Detecting and Managing Stress
Stress can eat away at us, particularly something that is so important to us as our lasting relationship is. When we are stressed, our relationships are affected as well. Most people can unknowingly transfer their stresses from other parts of their lives onto their partnerships.
A good place to start is knowing where your stress comes from and what is causing it. Make a clear distinction between stressful factors and your relationship, and leave the stress out the door when talking and interacting with your partner.
Things that you can do to manage your stress levels are seemingly little, but they help. It could be meditating, sleeping enough hours every night, eating well, and exercising. These things will not only improve your health but your relationship as well.
Being a Team
Some couples tend to interact with each other as if they are on a battlefield. This is a pattern of behavior that does not contribute to a good relationship.
When two people are in a couple, it is in their best interest to understand that they are together on the same ship. When one fails, so does the other.
While conflicts can arise and they do between two different people, couples who want to make it, in the long run, understand that they must solve the problems together as a team. It is no longer about who is right and wrong but more about “how can we work together to solve this problem that we have”.

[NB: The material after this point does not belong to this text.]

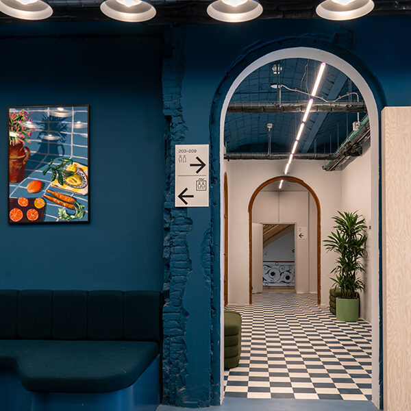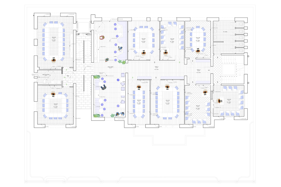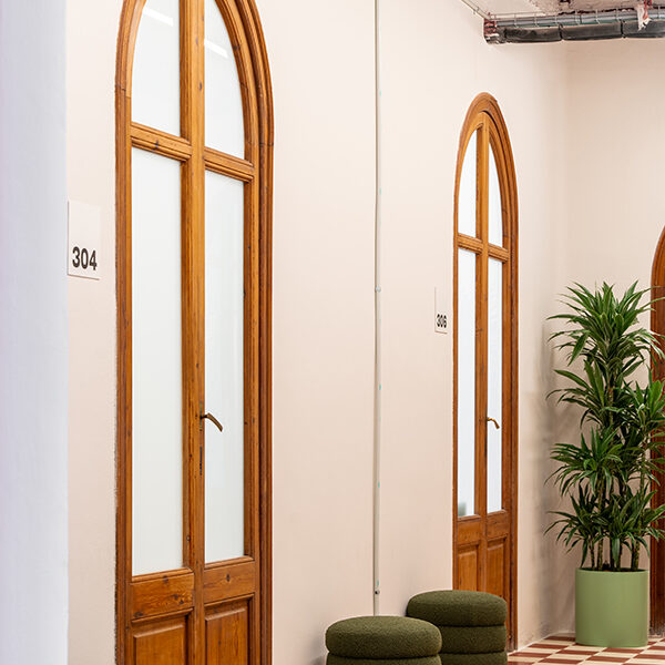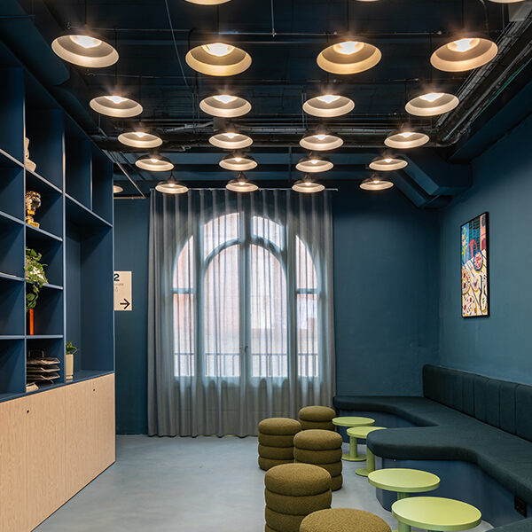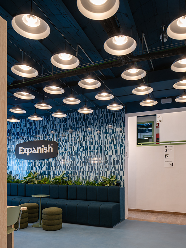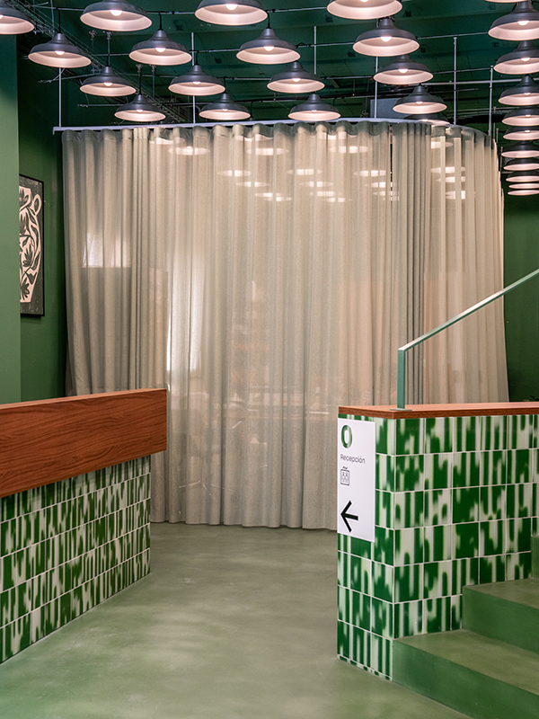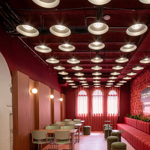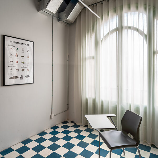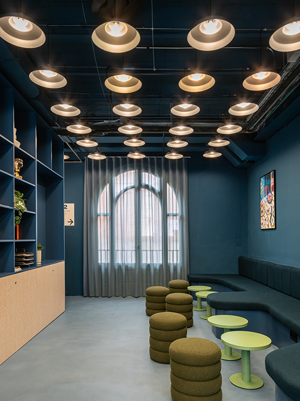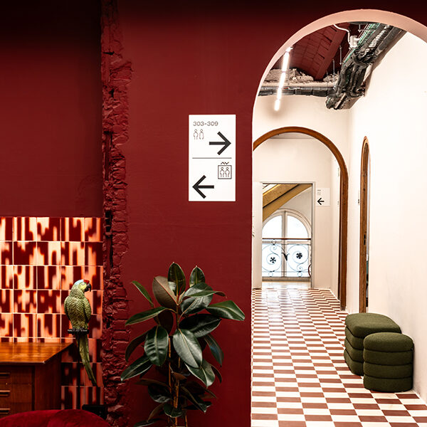 Keramikfliesen mit nuancierten Tonabstufungen, darüber ein Gewölbe, deckend im jeweiligen Geschosston gefasst: Bereits im Erdgeschoss wird deutlich, dass hier nicht Bestand und Umbau gegeneinander ausgespielt werden, sondern die Materialität als verbindendes Element wirkt. In der Casa Degli Italiani in Barcelona wurden vorhandene Holzbalkendecken, Gewölbe und Schmuckdetails behutsam freigelegt, ergänzt und restauriert, ohne die Spuren der Zeit zu nivellieren. „Unser Ziel war es, einen respektvollen Dialog zwischen Alt und Neu zu schaffen“, erklärt Alberto Eltini. „Es geht nicht darum, die Vergangenheit auszulöschen, sondern sie in die Gegenwart zu integrieren, durch eine Architektur, die das angesammelte Gedächtnis des Ortes bewahrt und stärkt.“ In dem im späten 18. und frühen 19. Jahrhundert errichteten Gebäude im Renaissancestil mit eklektischen Einflüssen entstand unter der Leitung von Alberto Eltini und Marina Martín ein Lernort für die Sprachschule Expanish. Das Raumprogramm greift lokale Referenzen auf: Die Gemeinschaftszonen heißen „Tapas“ und funktionieren als kommunikative Table-Settings, während die „Siesta Spaces“ kleine Rückzugsorte im Tagesablauf markieren. Die Farbdramaturgie führt geschossweise durch das Haus – im ersten Obergeschoss ein Schachbrett aus Zementfliesen in Blau und Weiß, im zweiten in Weiß und Rot. Farbige Beläge und monochrome Anstriche rahmen Wände und Decken. Maßgefertigte Möbel und Grünpflanzen halten die Eingriffe präzise und weitgehend reversibel. js

This type of behavior builds trust and friendliness between the two people and lets them solve conflicts in a mature manner.
Final Thoughts on Cultivating a Lasting Relationship
A long lasting relationship is not something that is a given. Compatibility between partners is only the soil on which the lasting relationship grows. Although it matters, a couple that wants to make something beautiful grow between them will cultivate their relations and grow as individuals along the way.
And as Anthony Robbins says, “Do what you did at the beginning of the relationship and there won’t be an end”. It is too easy to slack off when time passes, but a long-term relationship does not have to be given up on. Make every day as if it is the first one you met the other to keep the relationship refreshed and alive.